Во главе Освященного собора оказался ростовский и ярославский митрополит Кирилл (Завидов). Кирилл был архимандритом Троице-Сергиевого монастыря в царствование Федора Ивановича и Бориса Годунова в 1594–1605 годах, а с ростовской кафедры был смещен Лжедмитрием I. После этого он находился на покое в Троице. Сменивший Кирилла новый глава Ростовского митрополичьего дома митрополит Филарет — отец Михаила Романова, оставался в польско-литовском плену. Поэтому Кирилл был снова призван к церковному (и не только служению в прежнем сане ростовского и ярославского митрополита. Митрополит Кирилл хорошо знал многих знатных паломников в Троицу, входивших в Боярскую думу. Его почтенный возраст и преемственность личных связей с деятелями времен последних «прирожденных» государей оказались востребованными. В возвращении митрополита Кирилла был еще один дополнительный смысл, так как на митрополита Филарета, после смерти патриарха Гермогена, смотрели как на местоблюстителя патриаршего престола. В отсутствие же Филарета делами церкви распоряжался митрополит сарский и подонский (крутицкий) Иона (Архангельский). У митрополита Кирилла останется первенство в Освященном соборе, и он будет первым упоминаться в переписке «совета всея земли» вплоть до прихода в Москву нового избранного царя Михаила Федоровича.

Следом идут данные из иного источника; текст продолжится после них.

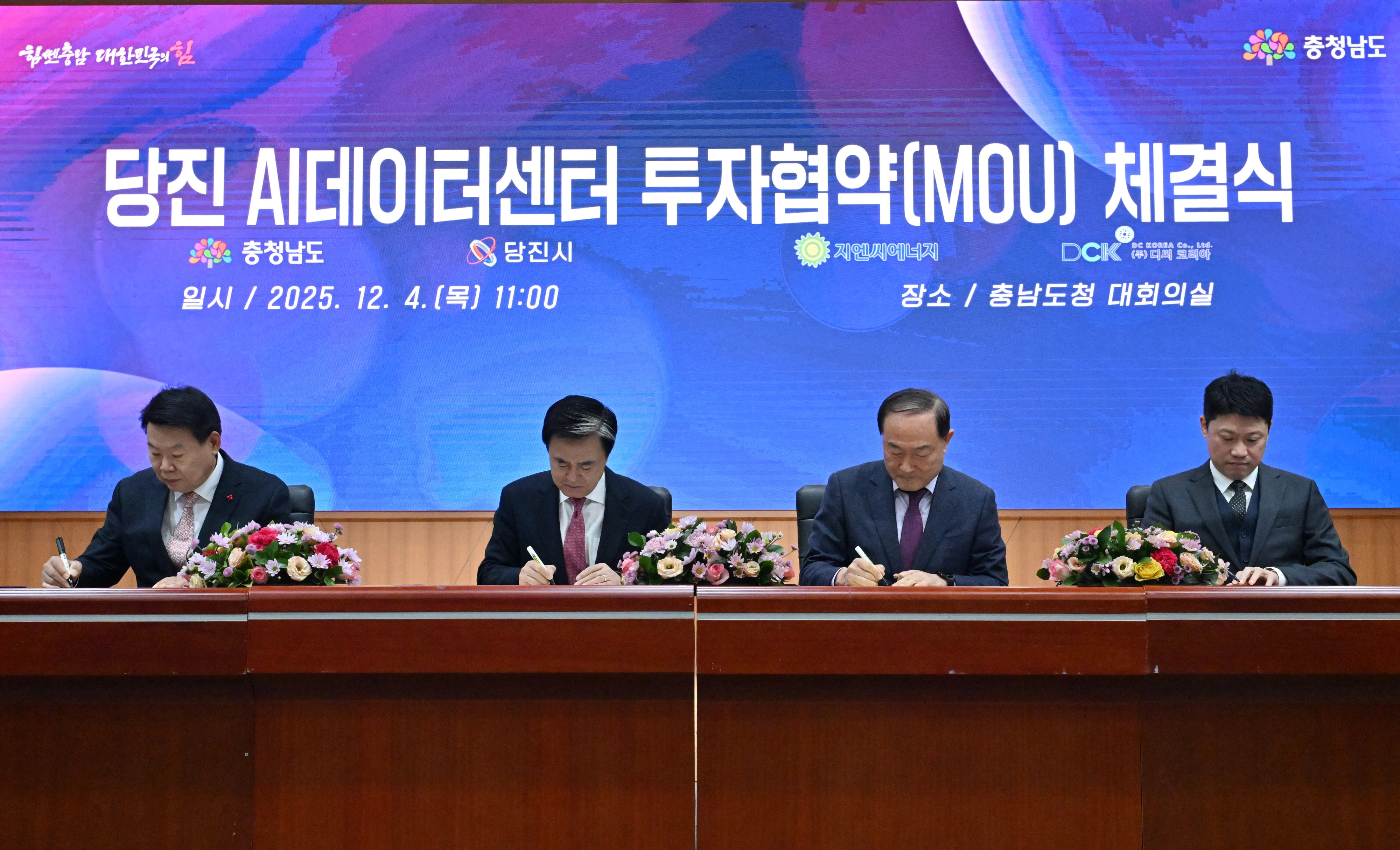 김태흠 충남지사는 4일 오성환 당진시장, 안병철 지엔씨에너지 대표이사, 정영훈 디씨코리아 대표이사와 당진 AI 데이터센터 건립을 위한 투자협약(MOU)을 체결했다. 지엔씨에너지는 디씨코리아 등과 특수목적법인(SPC)을 구성해 당진 석문국가산업단지 내 3만 3673㎡ 부지에 2031년까지 2조원을 투자해 7만 2885㎡ 규모의 160㎿급 AI 데이터센터를 건립할 예정이다. SPC는 200여명의 신규 고용 인력을 지역에서 우선 채용하기로 했다. 또 데이터센터 건립과 운영 과정에서 3500여명의 고용 창출과 지역 경제 활성화가 기대된다.

Избрание на царство Михаила Романова сегодня, издалека, кажется единственно верным решением. Другого отношения к началу романовской династии и не могло быть, учитывая ее почтенный возраст. Но для современников выбор на трон одного из Романовых отнюдь не казался самым лучшим. Все политические страсти, обычно сопровождающие выборы, присутствовали в 1613 году в полной мере. Достаточно сказать, что в числе претендентов на русский трон оказался представитель иноземного королевского двора и несколько своих бояр, в том числе руководители московской Боярской думы в 1610–1612 году князь Федор Иванович Мстиславский и князь Иван Михайлович Воротынский, а также главные воеводы ополчения, недавно освободившего Москву, князь Дмитрий Тимофеевич Трубецкой и князь Дмитрий Михайлович Пожарский. Романовский круг если чем и выделялся на этом фоне, то обилием предложенных кандидатов, в число которых входили Иван Никитич Романов (дядя Михаила Романова), князь Иван Борисович Черкасский и Федор Иванович Шереметев. К этим семи претендентам, по словам «Повести о земском соборе 1613 года», был еще «осьмый причитаючи» князь Петр Иванович Пронский. Объяснить, чем было обусловлено упоминание этого имени в ряду возможных русских царей, теперь уже трудно. Разве что это был такой же молодой и родовитый стольник, как и Михаил Романов, только имевший преимущество княжеского происхождения, восходящего к Рюрику. Приведенный список имен, упоминавшихся в связи с выборами нового царя, отнюдь не исчерпан. В ходе обсуждений на избирательном соборе и вокруг него звучали еще имена находившегося в польско-литовском плену князя Ивана Ивановича Шуйского, князя Ивана Васильевича Голицына и князя Дмитрия Мамстрюковича Черкасского[753].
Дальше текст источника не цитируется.